Thompson on Cotton: Outside Noise Fails to Shake Market

Thompson on Cotton: Outside Noise Fails to Shake Market

By Jeff Thompson, Autauga Quality Cotton 

Aside from Tuesday’s wild action, it was a rather non-eventful week of trading for cotton. The same, however, cannot be said for other markets. Corn, following a limit down day, fell 12 percent on the week. In topsy turvy trading, the red-hot equity markets saw all three indexes notching their worst daily drop since early June but closing the week to new highs.

Additionally, minutes from the recent Fed meeting gave strong indications their bond buying spree may be curtailed sooner than once thought. Also, there is growing anxiety over the strength of our economic recovery as the new Delta variant unleashes a surge of new Covid cases. If all this wasn’t enough, weather concerns are beginning to cast doubt on yield potential for all major commodities.

With so much outside noise happening, to have cotton prices gain 74 points on the week speaks volumes to its resiliency. On the heels of the previous week’s strong close, we awoke Tuesday to the market trading as high as 88.89 likely on word China’s auction of cotton reserves saw the 900,000 bales offered taken up at higher prices, indicative of the tight supplies now facing China.
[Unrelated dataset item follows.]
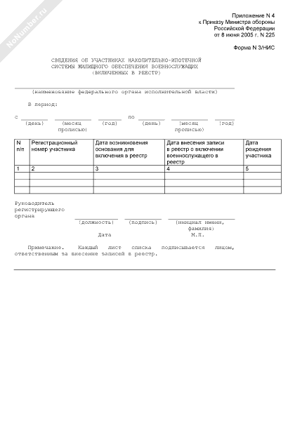 - 3816Формы документов, необходимых для формирования и ведения реестра участников накопительно-ипотечной системы жилищного обеспечения военнослужащих. Cведения об участниках накопительно-ипотечной системы жилищного обеспечения военнослужащих (включенных в реестр). Форма № 3/НИС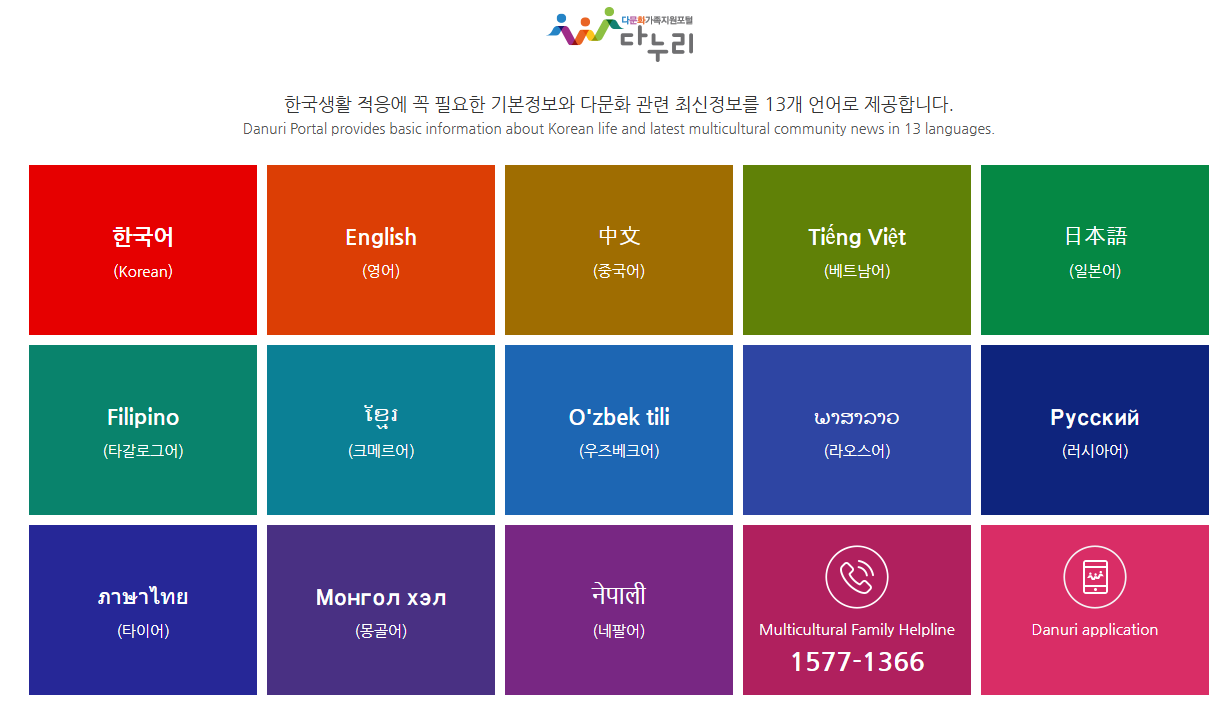 다문화가족지원 포털 다누리는 다문화 가정을 위한 다양한 정보를 제공하고 있습니다. 주요 서비스로는 법률, 교육, 건강, 취업, 상담 서비스에 관한 정보가 포함되어 있으며, 다문화 가정을 위한 정책 및 지원 프로그램에 대한 안내도 제공합니다. 또한, 다양한 언어로 제공되어 외국인 가족들도 쉽게 접근할 수 있습니다.

It looked to be the trigger needed to break through resistance at 88-89 cents. But, just as with the previous seven breakout attempts over the past six months, it fell short again closing Friday at 87.71 in tempered trading.
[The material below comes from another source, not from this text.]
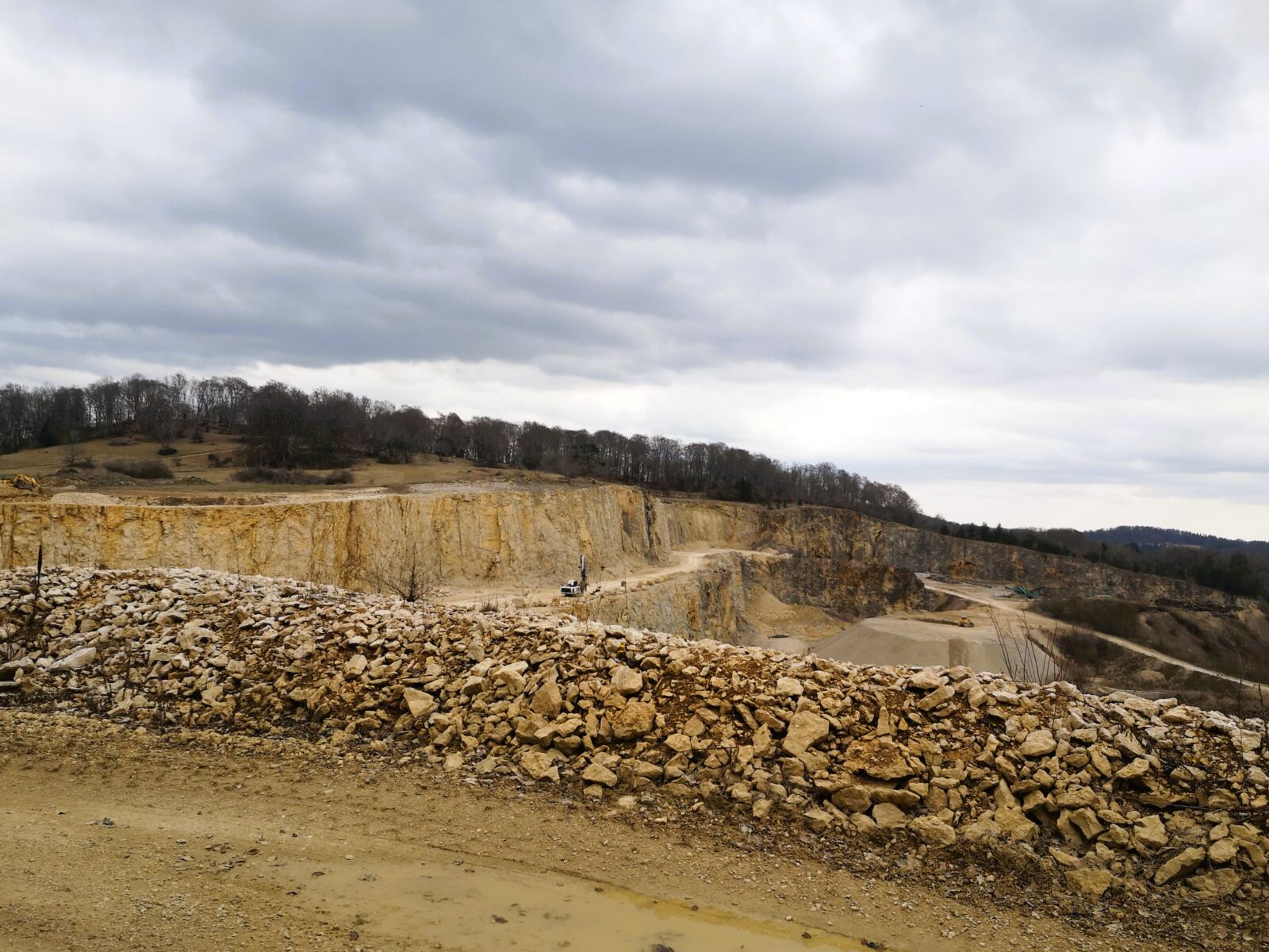 Nach einem kurzen Anstieg bringt uns die Beschilderung zurück auf den Pfad entlang des Steinbruchs. Wir passieren ein kleines Waldstück auf der rechten Seite, biegen anschließend links ab und halten uns nach einem sanften Anstieg rechts.

Nonetheless, being able to withstand these challenges is testament strong fundamentals are still in play. Case in point, last week’s export sales were up 31 percent from the previous week with combined current and new crop sales totaling 234,500 bales. Better yet, shipments remained on pace with 314,000 bales sent abroad last week.
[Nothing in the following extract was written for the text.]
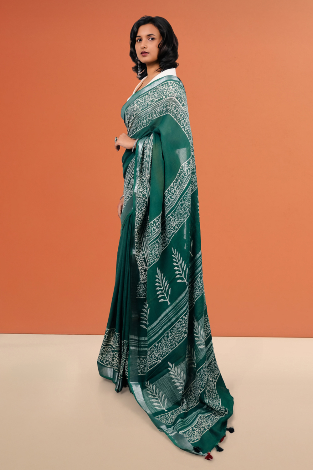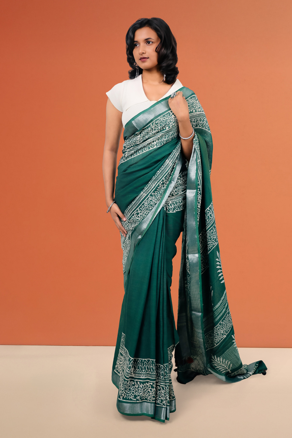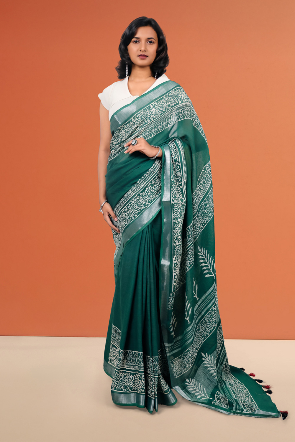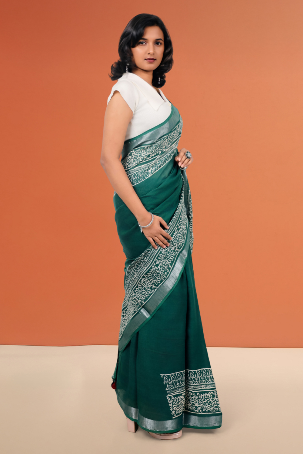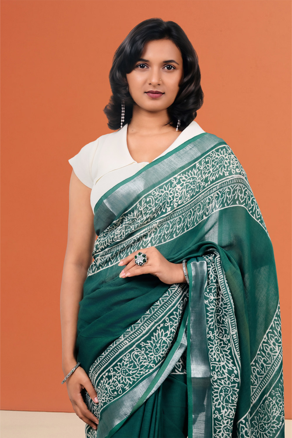 Green Semi Linen Plain Body Saree with Silver border. Includes unstitched Blouse Material

On the supply side, though Tropical Storm Elsa delivered only a glancing blow to the Southeast crop, rainfall was abundant throughout the Cotton Belt from Texas to the Carolinas. So much so, some are beginning to ask if this is too much of a good thing. It has certainly delayed much needed fieldwork in many locations.

The latest conditions report has 52 percent of the cotton crop rated good to excellent, unchanged from the prior two weeks. However, that rated poor increased to 10 percent from seven percent. Trying its best to catch up, the crop is still behind with 11 percent now setting bolls versus the four-year average of 13 percent.

This is concerning because much uncertainty surrounds a late crop being as there is little room for error and harvest delays can adversely affect yield and quality.

If you are reading this Monday morning, the July WASDE report will be issued in a few hours at 11:00 am CST. With a planted acre number in place, we will be watching for any adjustments to yield and consumption though little change is expected at this time. The spec community, who over the past few weeks have slowly increased their net long position, will be viewing these figures with interest.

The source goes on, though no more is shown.